Fourteen: The magistrate judge found that Ms Swibas is entitled to qualified
immunity as to Mr. Johnson’s First Amendment and RLUIPA claims because the actions
of Ms. Swibas did not violate clearly established law. Recommendation [#83], p. 25.
Mr. Johnson claims the defendant “did not argue that Plaintiff did not find the ‘clearly
established law’ . . .” and he objects that the magistrate judge is raising arguments the
defendants did not raise. Objections [#86], p. 18. The defendants raised the defense of
qualified immunity. Addressing that defense requires a court to determine whether or
not the wrong alleged by a plaintiff violates clearly established law. The magistrate
judge properly addressed this issue.
Fifteen: Mr. Johnson claims the defendants’ motion for summary judgment did
not address his religious rights claim against Ms. Swibas for “working in concert to
cancel (his) kosher diet under pretext.” Response [#67], p. 16. He also claims the
motion for summary judgment did not address his Eighth Amendment denial of medical
care claim against Ms. Ewers for her denial of medical attention when she did not set a
medical appointment for Mr. Johnson after she was notified of his symptoms. In the
recommendation, the magistrate judge noted Mr. Johnson’s allegation that Ms. Swibas
worked to cancel Mr. Johnson’s kosher diet. As the magistrate judge and the
defendants noted, these allegations were part of Mr. Johnson’s retaliation claim, which
was dismissed previously. Recommendation [#83] p. 19 n. 1; Reply [#74], p. 6 n. 1.
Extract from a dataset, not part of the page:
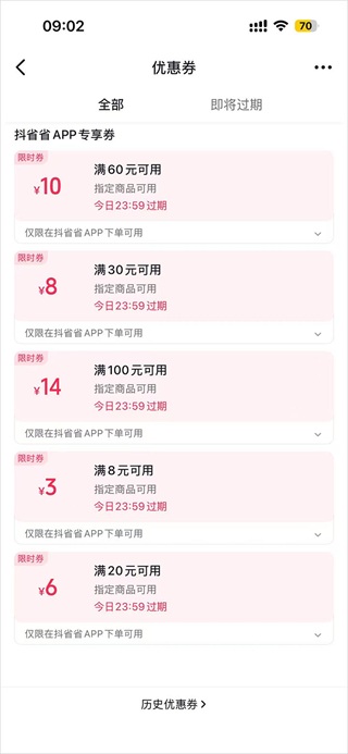 3、即可查看所有已领取的优惠券。切记查看优惠券的有效时间,确保及时使用!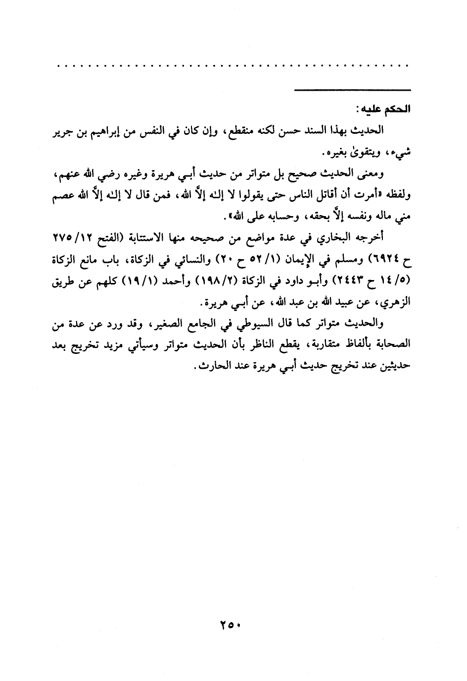 ومعنى الحديث صحيح بل متواتر من حديث أبي هريرة وغيره رضي الله عنهم، ولفظه "أمرت أَنْ أُقَاتِلَ النَّاسَ حَتَّى يَقُولُوا لَا إِلَهَ إلّا الله، فمن قال لا إله إلّا الله عصم مني ماله ونفسه إلّا بحقه، وحسابه على الله".

The magistrate judge did not err when she declined to re-visit a previously dismissed
claim. Further, as noted previously, the recommendation discusses the claim against
Ms. Ewers for her alleged denial of medical attention.
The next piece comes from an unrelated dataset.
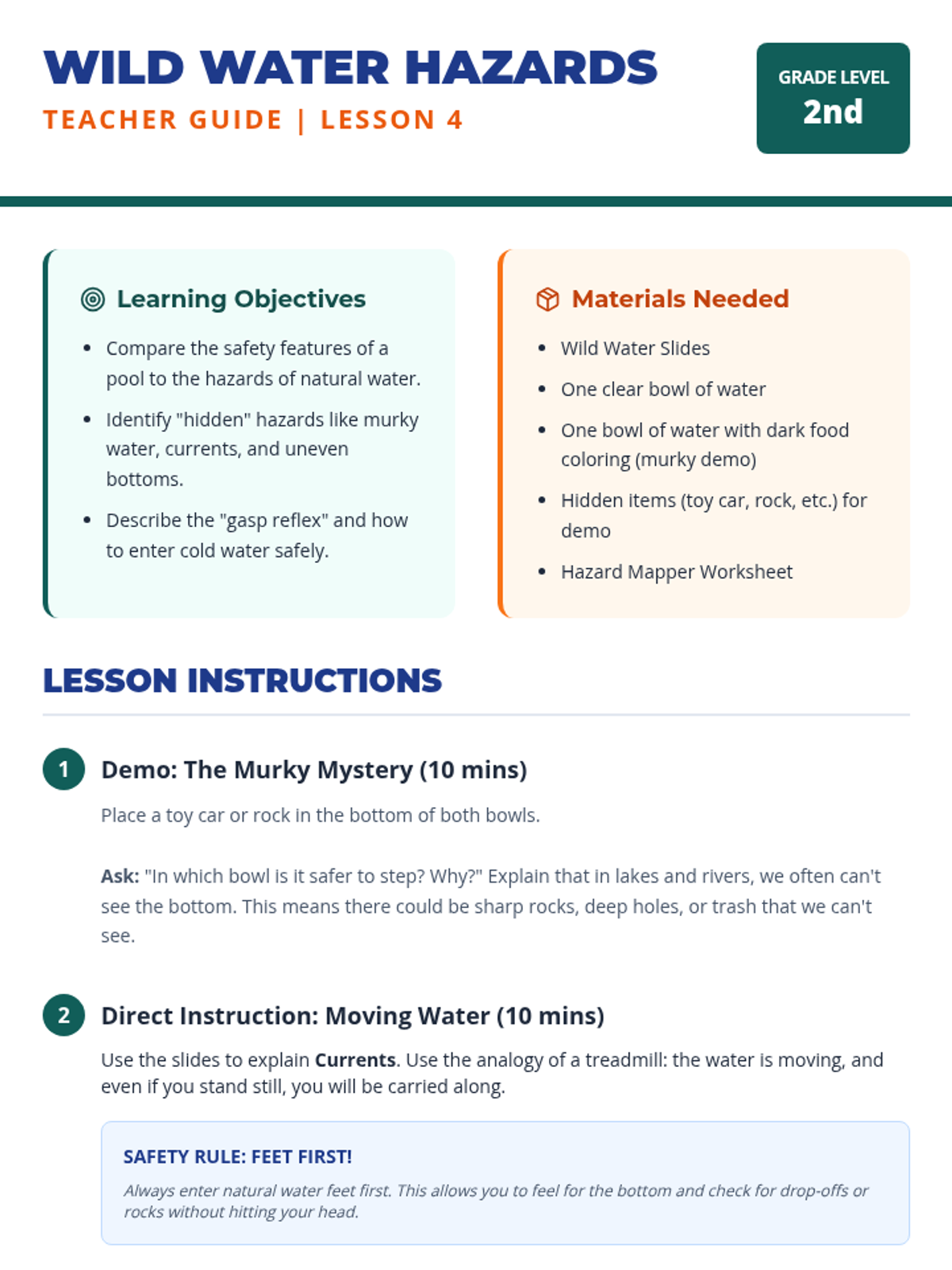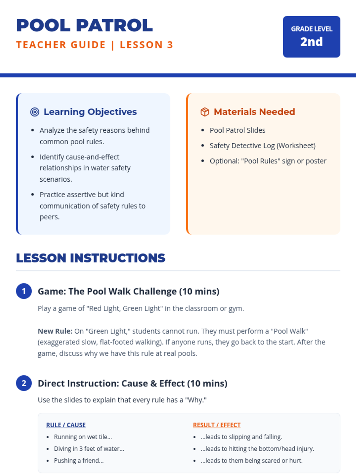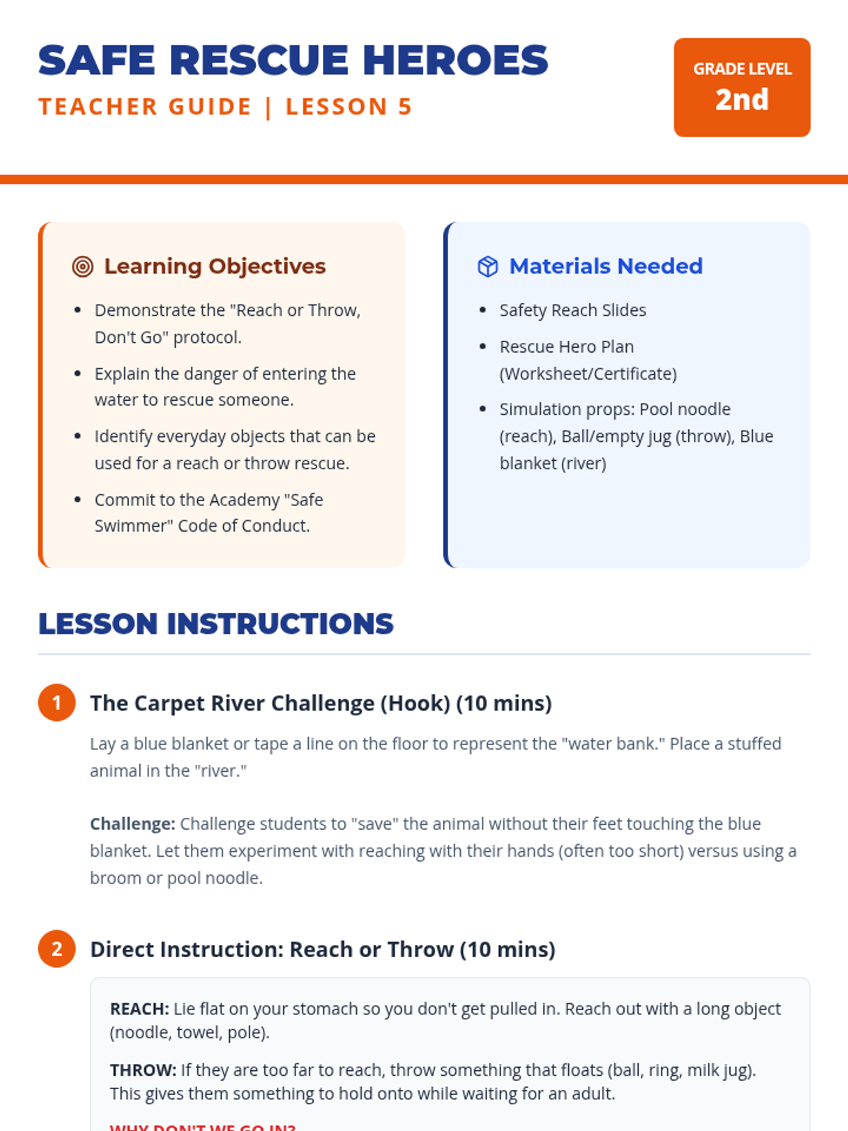 A comprehensive 2nd Grade sequence exploring water safety through the lens of a 'Junior Lifeguard Academy.' Students learn about supervision, flotation equipment, pool behavior, open water hazards, and emergency 'reach or throw' protocols.

I have reviewed de novo all portions of the recommendation to which Mr.
Johnson objects. After de novo review, I concur with the recommendation. Therefore,
I overrule the objections and I approve and adopt the recommendation.
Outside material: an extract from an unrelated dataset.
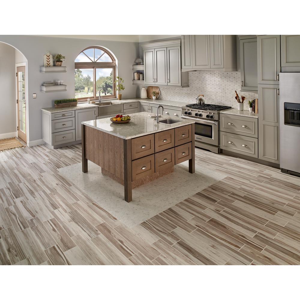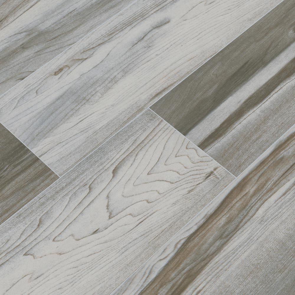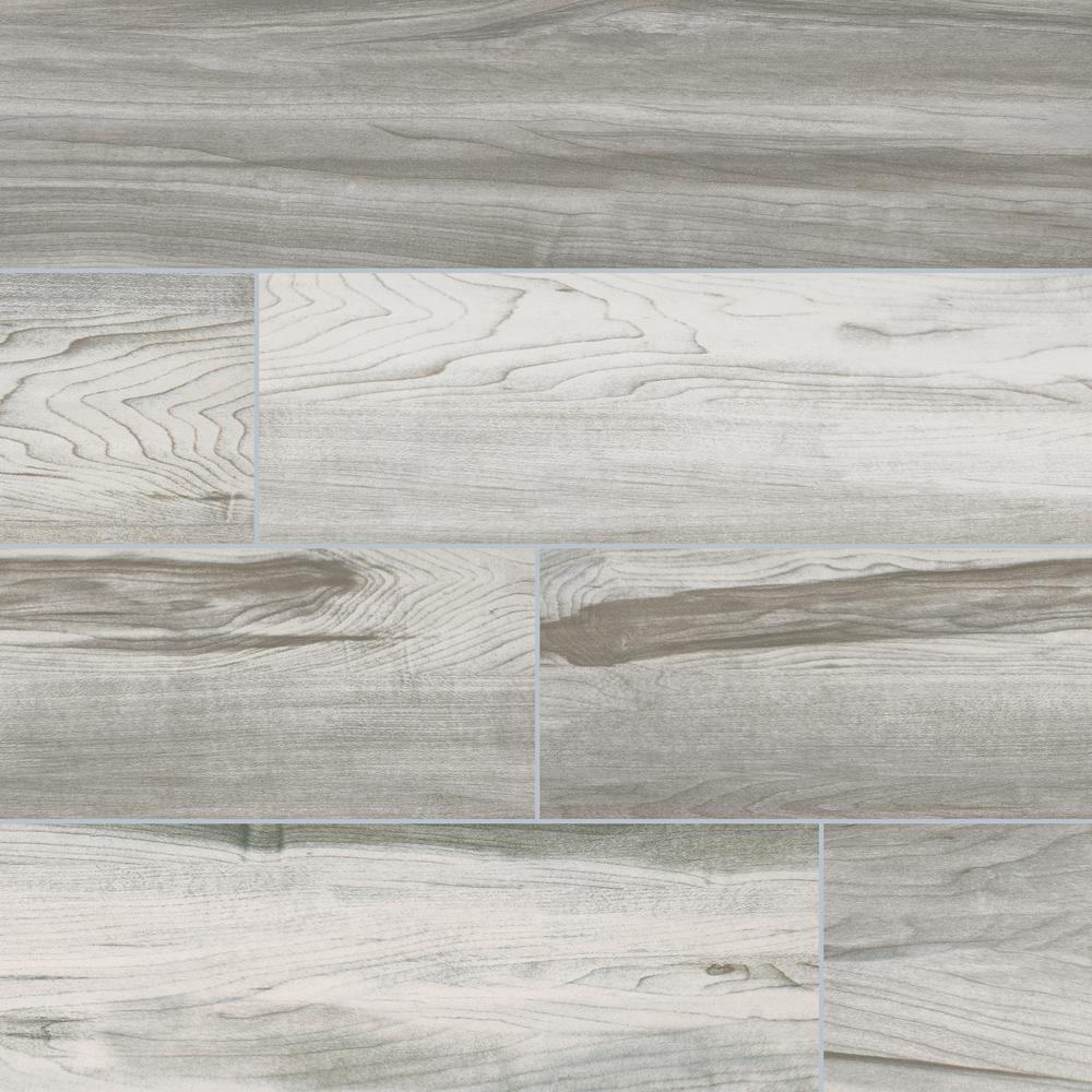 Enhance your interior design with the warming comfort of this MSI Carolina Timber White 6 in. x 24 in. glazed ceramic floor and wall tile. Crafted with a charming blend of soft white tones, this exquisite tile uses authentic veining and graining to replicate the appearance of true tigerwood. Use if for residential and light-duty commercial applications. The low-sheen, matte tile works perfectly for floors, wall and countertops. It is a great option as backsplash tile, too. This tile is highly durable, suiting kitchen and bathroom applications. It's easy to clean and won't harbor germs. Impervious to water and stains, this rectified tile is mechanically finished on all sides for uniformity. Its precise sizing allows for a thinner grout joint, which results in a clean, professional install and reduces staining issues.

THEREFORE, IT IS ORDERED as follows:
1. That the Recommendation of United States Magistrate Judge [#83] is
approved and adopted as an order of this court;
2. That the objections [#86] of the plaintiff are overruled;
3. That under Fed. R. Civ. P. 56, the defendants’ Motion for Summary
Judgment [#63] is granted;
4. That summary judgment is granted in favor of the defendants on the Eighth
Amendment claim of the plaintiff against defendants Carie Swibas, Jo Ann Burt, and
Peggy Ewers and the First Amendment claim of the plaintiff against defendant Carie
5. That based on the Order to Dismiss in Part and To Assign Case [#10], the
Order Concerning Recommendation of the United States Magistrate Judge [#45],
and the present order, judgment shall enter against the plaintiff, Shane Johnson, and in
favor of all defendants named in this case, Carie Swibas, Jo Ann Burt, Charleen
Crockett, Kathleen Boyd, Peggy Ewers, Rick Raemisch, and Julie Russell, as to all
claims asserted by the plaintiff in this case;
6. That the defendants are awarded their costs to be taxed by the clerk of the
court in the time and manner prescribed in Fed. R. Civ. P. 54(d)(1) and
D.C.COLO.LCivR 54.1; and
7. That this case is closed.
Dated September 13, 2017, at Denver, Colorado.